The Ninth Hour

The girl agreed. “Sure it is,” she said. “It’s good for you,” and then she reached for the sugar cubes on the table between them. She tossed two of them into Sally’s tea. “Now try it,” she said, and Sally did. Again the watering of her eyes and the impulse to cough, although the sweetness helped.

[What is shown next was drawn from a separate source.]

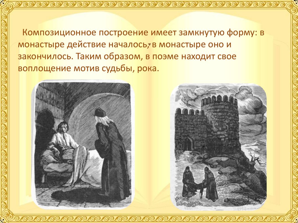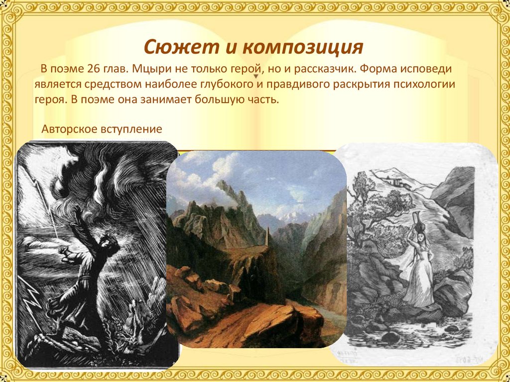 Сюжет и композицияВ поэме 26 глав. Мцыри не только герой, но и рассказчик. Форма исповеди

The girl said, “So, as I was saying.” Finally, her husband wrote to tell her he had work—he didn’t even say where—and a room. The stationery he used was from a Chicago hotel, it had the name and address printed right on it. That was good enough for her. She got the letter only yesterday—but, she said, she was never one to let grass grow under her feet. She was going crazy, missing him so much.

Through her tea-induced tears, Sally saw the girl smiling at her. She had a pleasant, square face. Sally thought of the stationery Mrs. Tierney used for the notes she sent to school when one of the Tierney children was sick—lovely white stationery marked with the address of the St. Francis Hotel. “Purloined paper,” Patrick Tierney called it, teaching Sally and his sisters the meaning of the word.

Sally took a third sip. The taste was the taste of her mother’s warm finger, dipped into a capful of whiskey and rubbed against her gums.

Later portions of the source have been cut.